The new project, called 'US Dollar Euribor', is set to establish a global benchmark in the American currency in direct competition with the USD Libor benchmark. The USD Euribor is attempting to bring together 24 banks, mostly from continental Europe, but also from Japan, the US, China and Canada. One British bank is also part of the project, according to a source close to the operation.
Libor relies instead on a survey of roughly 16 banks and is decided upon by British Bankers' Association (BBA).
"This week we will launch a testing exercise which will last a month or two," Cedric Quemener, the EBF manager in charge of the project, told EurActiv. "If everything goes according to plan, the launch of the new benchmark is foreseen in September," he added.
The plan originates from concerns among continental European banks about what they see as a dominant position by investment banks and other big lenders from the City of London, which have a hold on the price-setting process that dictates the cost of trillions of dollars of bank and company borrowing.
"We believe that the new benchmark is set to be much more representative of the reality in Europe," Quemener said. Having a bigger say in the definition of the benchmark for interest rates is also crucial to decrease uncertainty in the markets, he added.
Libor troubles
The European challenge to Libor comes at a time when the group backing the British benchmark is in the midst of turmoil over the possible role it played in manipulating Libor rates to cool the financial crisis.

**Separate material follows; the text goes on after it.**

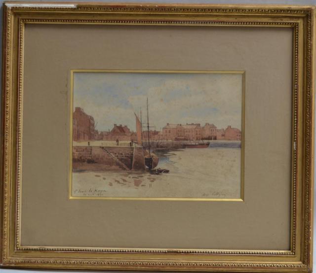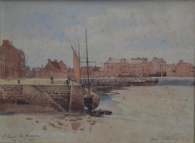 Max COLLIGNON (XIX-XXème) Saint Vaast La Hougue, 1890. Aquarelle signée en bas à droite, située et datée en bas à gauche 22 x 30 cm à vue (piqûres)

Regulators are probing whether a handful of major banks manipulated the global benchmark. The Bank of America, Barclays, Citigroup, WestLB and UBS are among the targets of the ongoing investigation by regulators in Britain, Japan and the United States.

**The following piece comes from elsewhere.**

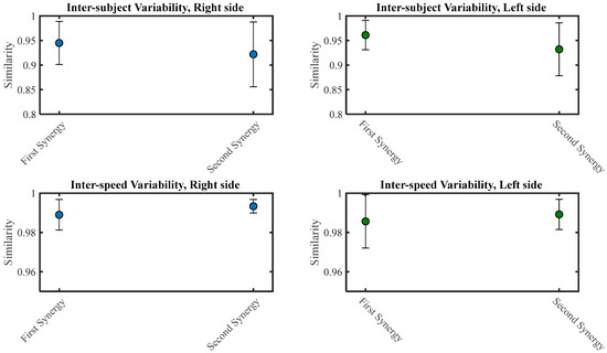 The similarity criterion was employed to explore the comparison of muscle synergies. The maximum normalized scalar product between synergy activation coefficients was described as the similarity between two groups of muscle synergies. Figure 9 displays the similarity of all participants and all speeds, known as inter-subject and inter-speed variability, respectively.

The investigation is aimed at verifying whether banks understated Libor to reduce their borrowing costs and downplay investor panic during the financial crisis.
About $350 trillion worth of financial products all over the world reference Libor, and lower levels for the rate could have robbed lenders and investors of significant amounts of interest income. Borrowers, on the other hand, would have benefited from the move.
Libor rates spiked during the financial crisis but were widely criticised at the time for not having risen enough to reflect market pricing.
Italian banks remain cautious
The USD Euribor appears to have broad support in continental Europe, although the names of the banks involved are not yet public.
German and French banks are among the strongest forces behind the project. But the plan is missing a key partner at the moment: Italian banks.
None of the three Italian banks that are members of the Euribor steering committee (Unicredit, Intesa San Paolo and Monte dei Paschi) have thus far shown an interest in joining the USD Euribor.
The Italians' cautiousness is most likely linked to the primarily European nature of the top Italian banks, and their consequent lack of interest in participating in a global benchmark.
Their very prudent approach proved successful during the financial turmoil. They were among the few credit institutions in Europe not to find themselves in need of public aid. Prudence might be the prevailing attitude on this occasion too.